- Poster
- Directed by: Juris Poskus
- Starring: Iveta Pole Artuss Kaimiņš Andris Keišs Aigars Apinis, Guna Zariņa
- Cinematography: Aadel Nodeh-Farahani
- Distributed by: Mountain River Films
- Release date: December 16, 2011;
- Running time: 97 minutes
- Country: Latvia
- Language: Latvian

= Kolka Cool =

2011 film directed by Juris Poskus

Kolka Cool is a 2011 Latvian comedy-drama film directed by Juris Poskus, starring Iveta Pole, Artuss Kaimiņš, Andris Keišs, Aigars Apinis, Guna Zariņa, Māra Ķimele.

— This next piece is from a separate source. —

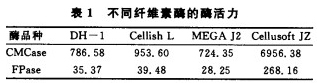 实验选择Suh0ngCellishL、MEGAJ2、DH-1和Cellus0ftJZ四种纤维素酶,分别用CMC酶活法(CMCase)和滤纸酶活法(FPase)测定其酶活,结果如表1所示。
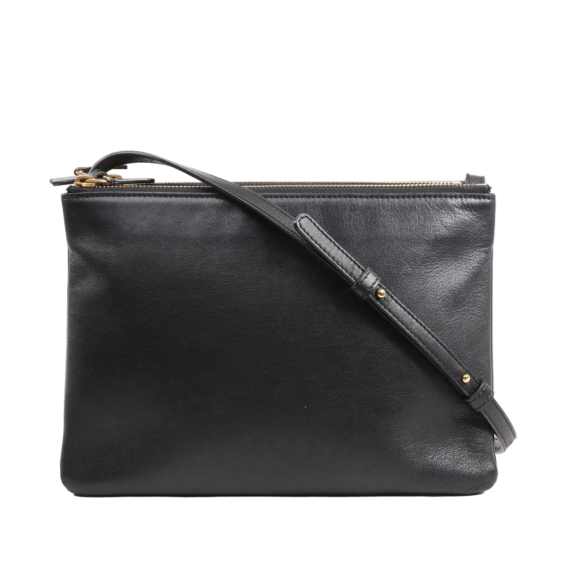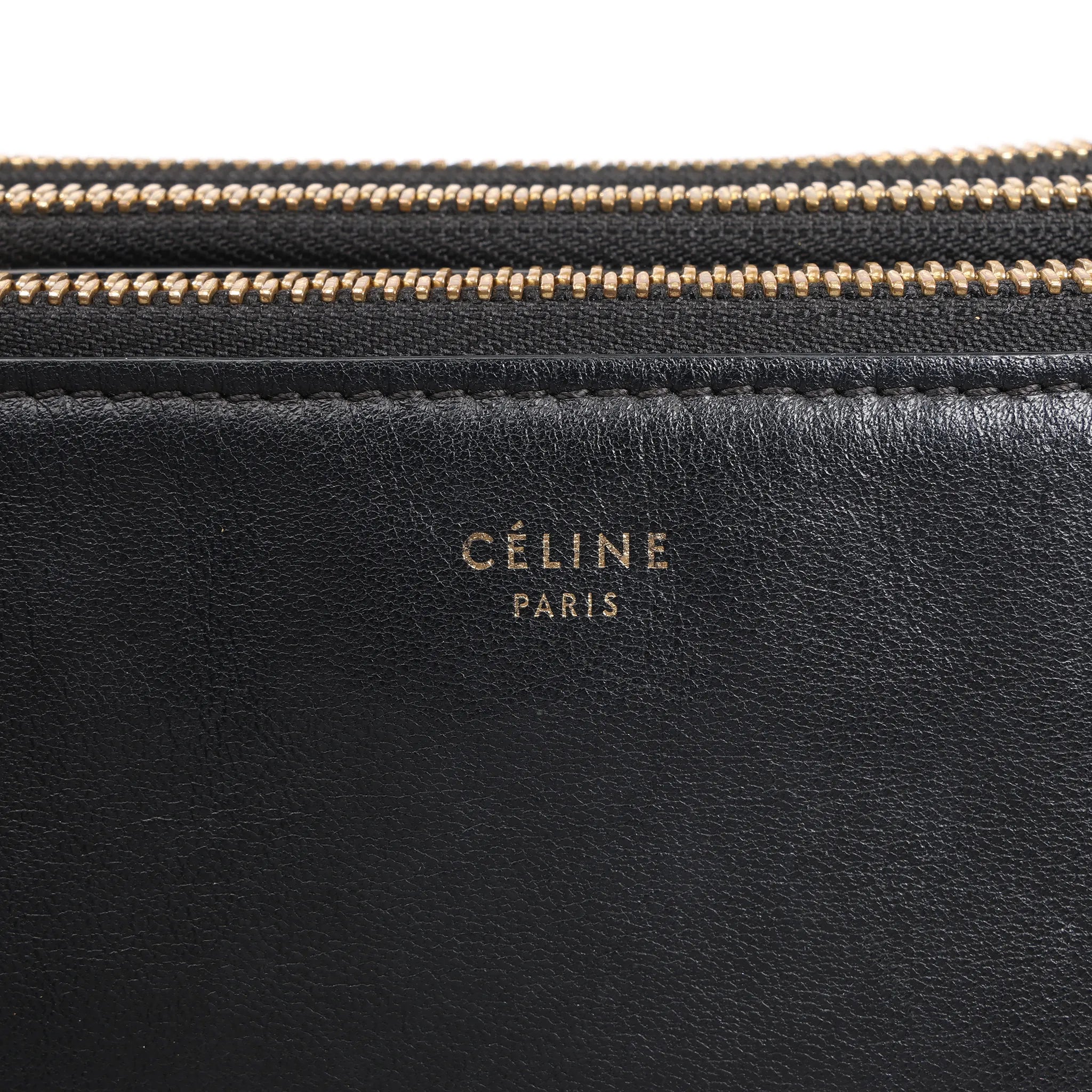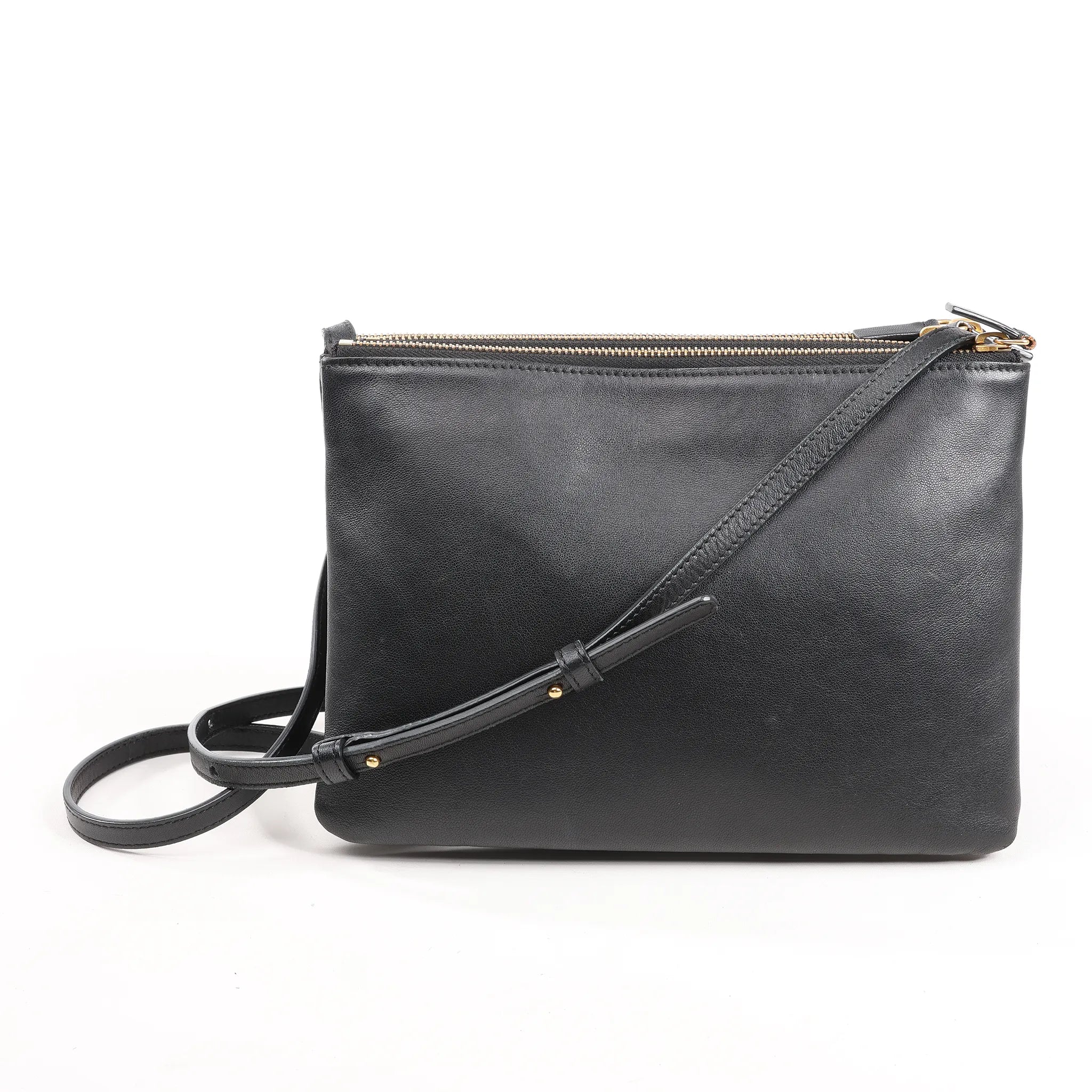 The Celine Trio Large Crossbody Bag in black leather offers minimalist sophistication with everyday practicality. Featuring three zip compartments and an adjustable strap, this sleek French-made piece is a go-to for modern elegance.

The film was awarded the Latvian National Film Prize Lielais Kristaps for Best Actress (Iveta Pole), Best Supporting Actor (Aigars Apinis), and Best Editing, as well as being nominated in seven more categories.

== Plot ==
The film depicts the mentality of the inhabitants of a small village on the Baltic coast. Three guys are trying to fulfill their lives by drinking beer, killing time and picking fights with neighboring villagers. The main character, Andzha, is trying to convince his girlfriend to marry him. The sudden arrival of his elder brother Guido starts a series of events where elevated self-esteem, pride and cravings for love that is stronger than death emerge as the dominant themes.